Blanca Li et l'équipe nationale espagnole

Depuis combien de temps la danse est-elle avec vous ? Depuis que j'avais six ans et que je voyais un danseur pour la première fois, j'ai tout de suite compris que c'était ma vocation. Parlez une langue universelle sans avoir besoin de mots. Mais rien ne se concrétise jusqu'à l'âge de 12 ans : pour créer une équipe de gymnastes, ils auditionnent de nombreuses écoles madrilènes.Ainsi, jusqu'à l'âge de 15 ans, j'étais dans l'équipe nationale espagnole, seulement après cela, j'ai commencé par de véritables études de danse.

Vous souvenez-vous de vos débuts dans la chorégraphie ? Parfaitement. A 13 ans, à l'école. La prof de gym attendait un bébé et m'a demandé de l'aider pour son essai de fin d'année. Et la deuxième fois à 18 ans, alors que j'assistais aux cours de Martha Graham à New York.

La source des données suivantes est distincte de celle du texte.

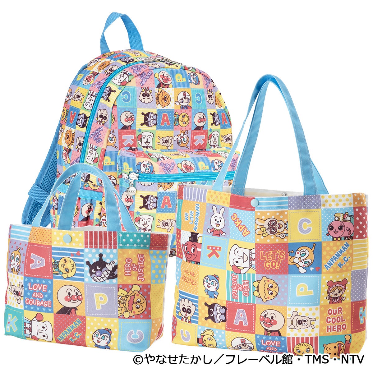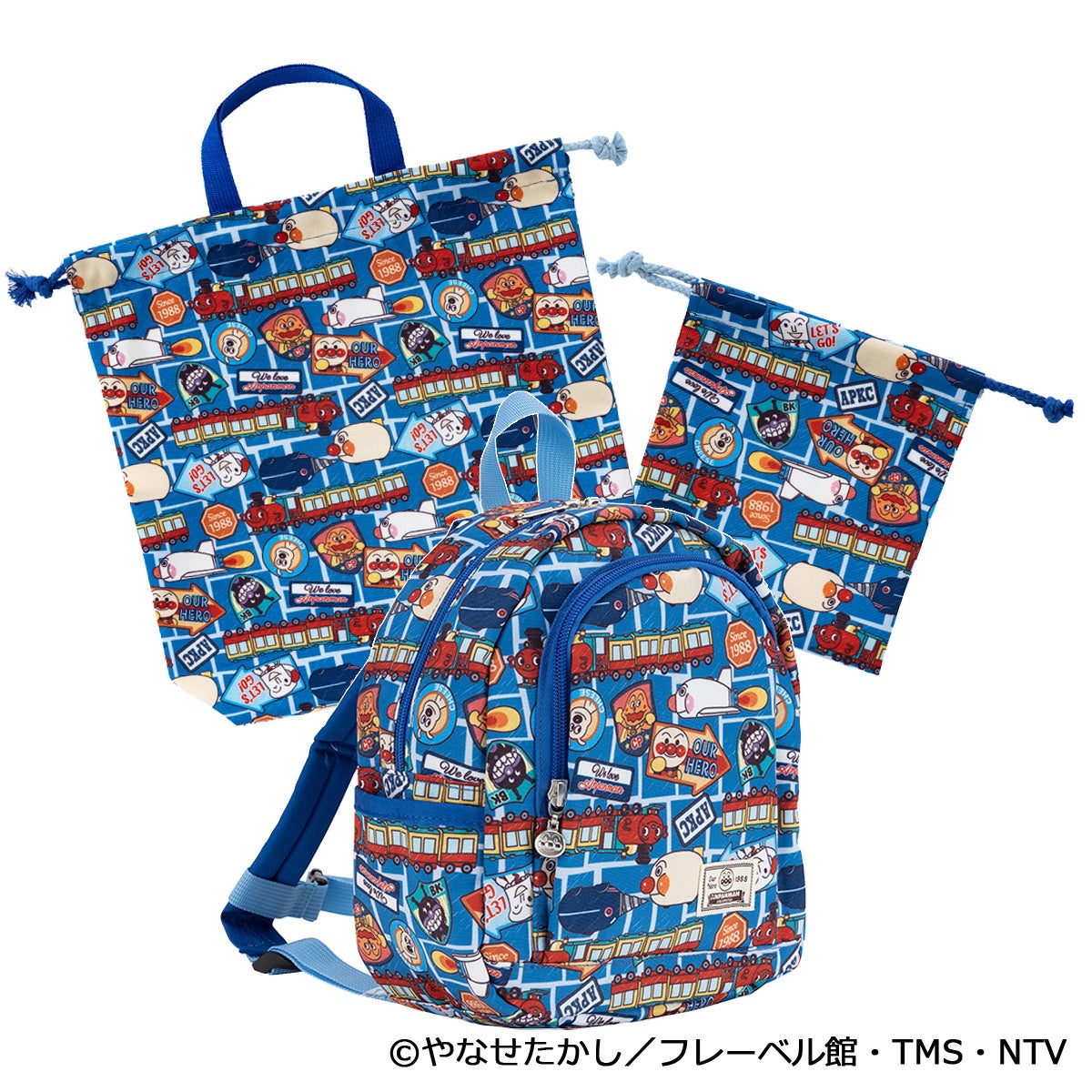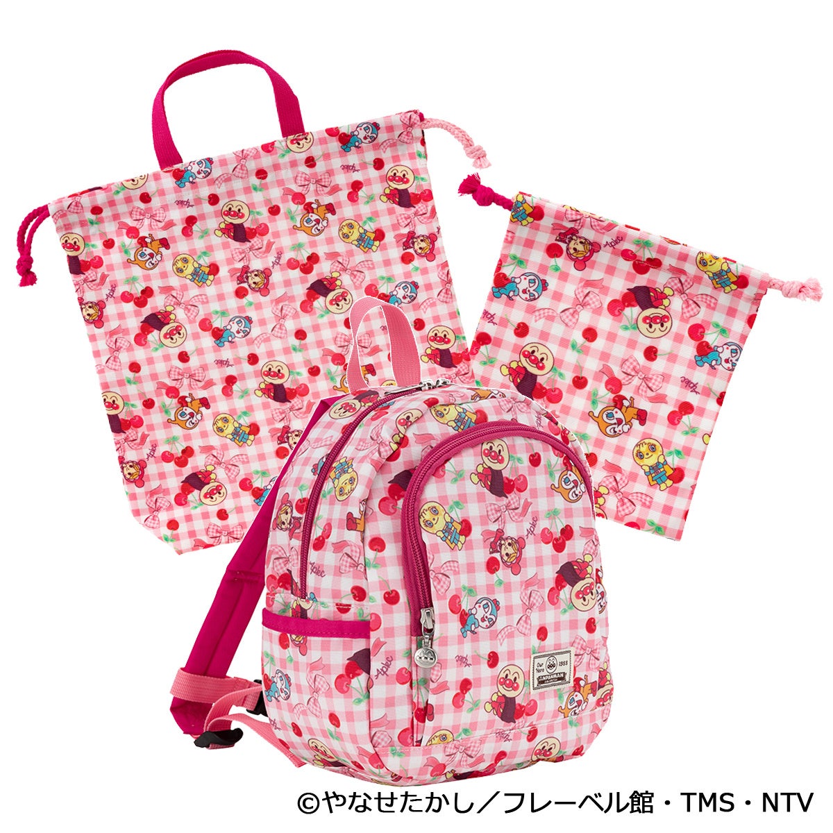 アンパンマンとなかまたちがカラフルなフレームに並んだ「フレーム柄」、アンパンマンごうやもぐりん、SLマンなどが描かれた「のりもの柄」、さくらんぼやリボンが入ったピンク色のギンガムチェックにアンパンマンをはじめドキンちゃんなどのなかまたちがデザインされた「さくらんぼ柄」を使用した、リュックや巾着など、入園準備や、通園の際に活躍するアイテムを多数展開いたします。

Pourquoi avez-vous choisi l'Amérique ? En Espagne, il n'était pas possible d'étudier la danse moderne à un bon niveau et la danse moderne était ce dont je rêvais : trouver ma façon de danser, imaginer une chose et donner ça vie.

Tu as grandi dans un moment historique important : l'Espagne post-franquiste, la vie nocturne de Madrid a explosé. Tu as eu une forte influence sur moi. Une période de totale liberté, de folie. Une période débridée, sauvage : la fin de la dictature avait mis tant d'énergie en circulation Et j'ai déménagé en Amérique quand les années 80 devenaient folles, avec la libération de tous les freins et une créativité irrépressible.Tout cela m'a permis d'accumuler un bagage très riche pour le reste de ma vie.

L'âme de la nuit

De retour en Espagne, elle est devenue l'âme des nuits madrilènes.
A New York je fréquentais un bar qui, le soir, accueillait des spectacles : de là est venue l'idée deEl Calentito On organisait des spectacles de flamenco, cabaret : j'ai souvent se produisait, il se passait toujours quelque chose et tout le monde passait devant le club. Vraiment magnifique.

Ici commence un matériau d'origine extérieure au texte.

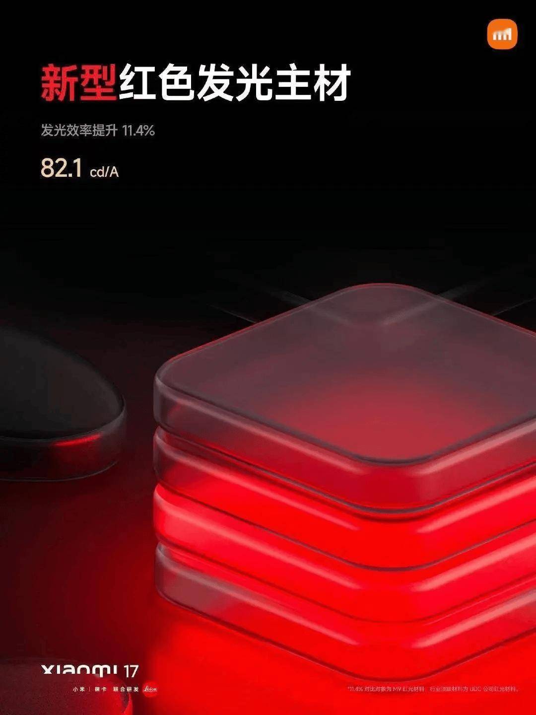 近日,小米公司正式发布年度旗舰新品小米17系列,其全系搭载的M10新一代屏幕发光技术体系中的新型红色发光主材引发行业关注。该核心材料由激智科技通过旗下产业基金战略投资的卢米蓝新材料有限公司与小米联合实验室研发,不仅实现发光效率提升11.4%的突破,更标志着国产 OLED 红光材料首次在性能上超越进口产品。
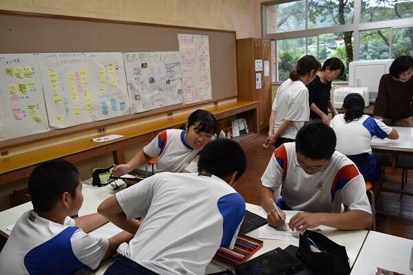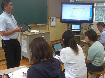 村所小学校との合同職員研修会を実施しました。11月14日の公開授業3本について、県教育委員会の方からも助言をいただきながら授業の進め方を検討しました。研究公開当日の本校の授業は、2年生の数学と3年生の理科及び全校での総合的な学習の時間です。総合的な学習の時間は、宮崎大学の学生さんとの遠隔授業になります。

Pourquoi alors s'est-elle installée à Paris ?
Où d'ailleurs j'ai reproduit le même modèle jeudi soir avec Le Narcisse, à Pigalle (qui est devenu une attraction internationale avec des femmes comme Madonna,ndr). J'avais déjà créé ma propre entreprise et le gouvernement français soutient l'art, c'est plus facile d'avoir de l'aide qu'en Espagne.

Comment Blanca Li a-t-elle réussi à réconcilier le "démon de la créativité" avec deux enfants ?
Quand j'ai décidé de devenir mère (son mari est le mathématicien franco-coréen Etienne Li,ndr) je savais que je ne pouvais pas abandonner mon travail.Ma famille a appris à s'adapter à mon genre de vie. Non seulement cela, ils aiment que je sois un artiste : ils m'accompagnent, ils me font confiance, ils me respectent. Et c'est extraordinaire : ça m'a permis de ne pas culpabiliser si je n'étais pas là, si je voyageais, si je mettais de l'énergie dans mon travail.

2023 fêtera le trentième anniversaire de sa compagnie de danse. Sera-ce l'occasion d'un budget ?
Je ne pense pas que j'aurai le temps pour un budget, je suis trop occupé(rires).